Per testare questa ipotesi, Kim et al. (2006) ha confrontato la divergenza uomo-scimpanzé con la divergenza macaco-babbuino, due coppie di specie che condividono tempi di divergenza simili ma con tempi di generazione diversi (Steiper et al. 2004). La coppia uomo-scimpanzé (la coppia ominoide) ha tempi di generazione molto più lunghi rispetto alla coppia macaco-babbuino (la coppia scimmia del Vecchio Mondo). Questo studio ha dimostrato che per i siti non CpG, la coppia di scimmie del Vecchio Mondo ha accumulato circa il 30% in più di sostituzioni, il che può essere spiegato dal suddetto effetto di rallentamento del tasso ominoide. Al contrario, gli orologi molecolari nei siti CpG hanno mostrato un numero simile di sostituzioni in coppie di scimmie ominoidi e del Vecchio Mondo (Figura 3). Pertanto, gli orologi molecolari dipendenti dal tempo e dipendenti dal tempo di generazione coesistono all’interno degli stessi genomi. L’ipotesi che un singolo orologio molecolare possa esistere per un dato lignaggio non è più valida, perché le forze mutazionali predominanti variano tra le regioni genomiche.

Figura 3

(A) Filogenesi dei quattro taxa analizzati in Kim et al. (2006). Per denota il tempo trascorso dalla divisione tra le due specie di scimmie del Vecchio Mondo, e TH denota il tempo trascorso dalla divisione tra i due ominoidi. Reperti fossili suggeriscono che A e TH sono approssimativamente simili. X e Y indicano gli antenati comuni della coppia uomo-scimpanzé e della coppia macaco-babbuino, rispettivamente. (B) Orologi molecolari contrastanti delle transizioni nei siti CpG rispetto a quelli nei siti non CpG. L’asse Y mostra il rapporto tra il numero di sostituzioni accumulate nella coppia babbuino-macaco (KO) e quello nella coppia uomo-scimpanzé (KH).
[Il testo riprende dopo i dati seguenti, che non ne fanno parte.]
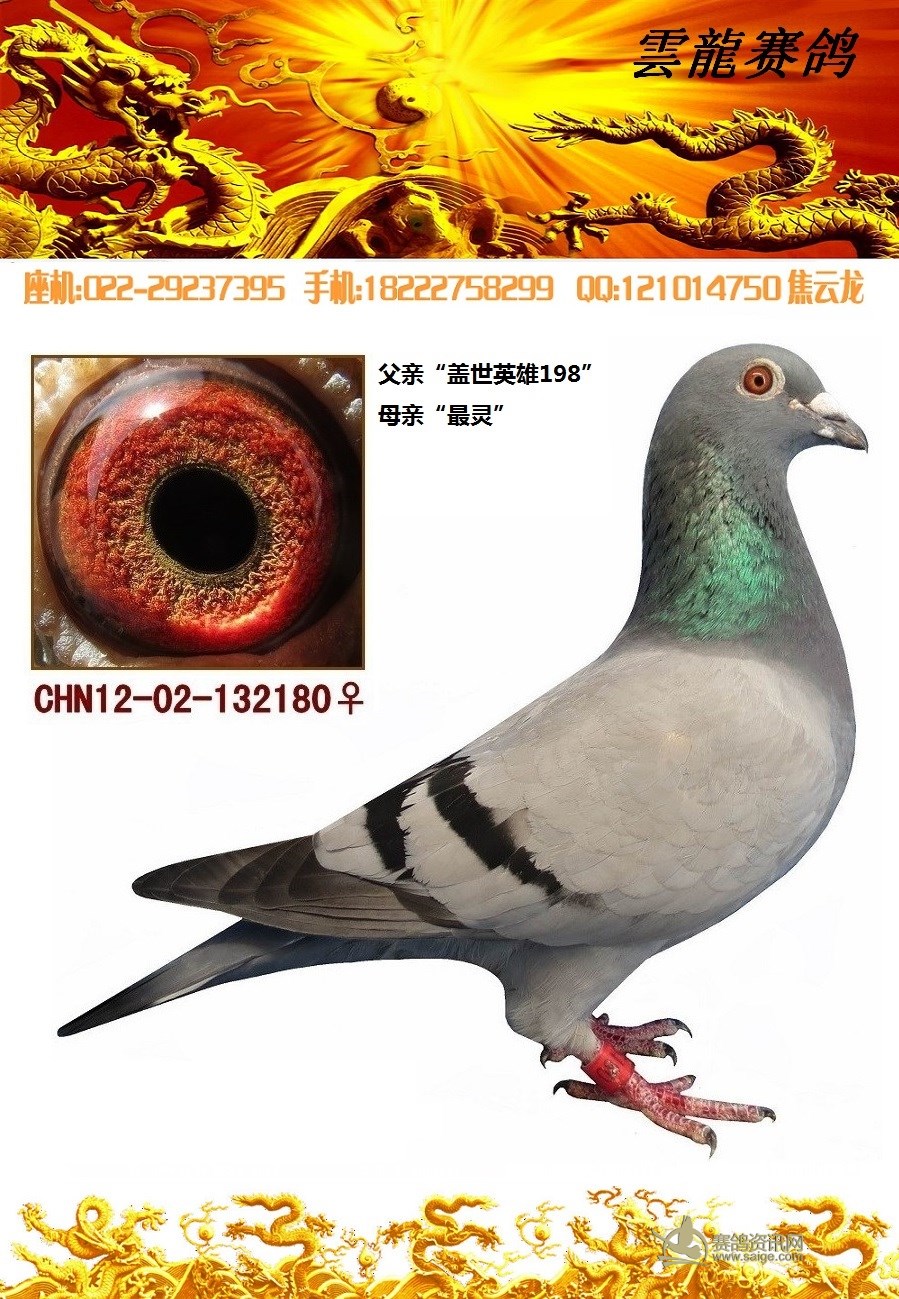 鸽子名称: 足环:2012-02-132180 性别:♀雌鸽 眼别:黄 羽色:灰 年代:2012 血统:盖世 作育者:焦云龙

Per i siti non CpG, questo rapporto è di circa 1,3, che è simile ai rapporti osservati in precedenti studi di rallentamento del tasso di ominoidi. Al contrario, le transizioni nei siti CpG, che sono principalmente di origine metilazione, non mostrano alcuna differenza tra le due coppie.
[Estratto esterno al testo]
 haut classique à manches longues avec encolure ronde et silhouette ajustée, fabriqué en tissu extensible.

© 2013 Nature Education (A) e (B) sono adattati da Kim et al. (2006). Tutti i diritti riservati.

Conclusioni

Il concetto di un orologio molecolare costante è stato inizialmente proposto sulla base di una quantità limitata di dati di sequenza proteica. Anche se studi successivi hanno dimostrato che tale osservazione non è un modello generale negli amminoacidi, ha avuto un’influenza significativa sul campo dell’evoluzione molecolare, in particolare sullo sviluppo della teoria neutra dell’evoluzione molecolare per i dati della sequenza del DNA. Seguendo la teoria neutra, gli studi si sono concentrati sulla delucidazione dei modelli di variazione nei tassi di mutazione neutri. Durante gli ultimi decenni, abbiamo osservato che gli orologi molecolari funzionano a velocità diverse tra i lignaggi. Inoltre, il grado di variazione potrebbe variare a seconda dei diversi tipi di dati e dei metodi statistici specifici utilizzati. L’effetto del tempo di generazione continua a mantenersi a livello qualitativo, ma non è sufficiente a spiegare la variazione quantitativa dei tassi di mutazione neutri tra i lignaggi. I tratti della storia della vita e le mutazioni dipendenti dalla non replicazione, come quelle causate dalla metilazione del DNA, sono anche importanti contributori agli orologi molecolari genomici. Infatti, diversi tipi di orologi molecolari sono osservati anche all’interno di un genoma, perché gli input mutazionali predominanti variano tra le diverse regioni genomiche. Quindi, piuttosto che assumere un singolo orologio molecolare neutro per ogni genoma, gli studi futuri dovrebbero mirare a rivelare la variazione degli orologi molecolari neutri genomici, per conoscere i paesaggi mutazionali genomici. Tali informazioni non sono solo utili per comprendere la materia prima che regola l’evoluzione molecolare e la malattia genetica, ma costituiscono anche una componente critica che influenza le analisi genomiche comparative e funzionali per identificare le regioni genomiche funzionali.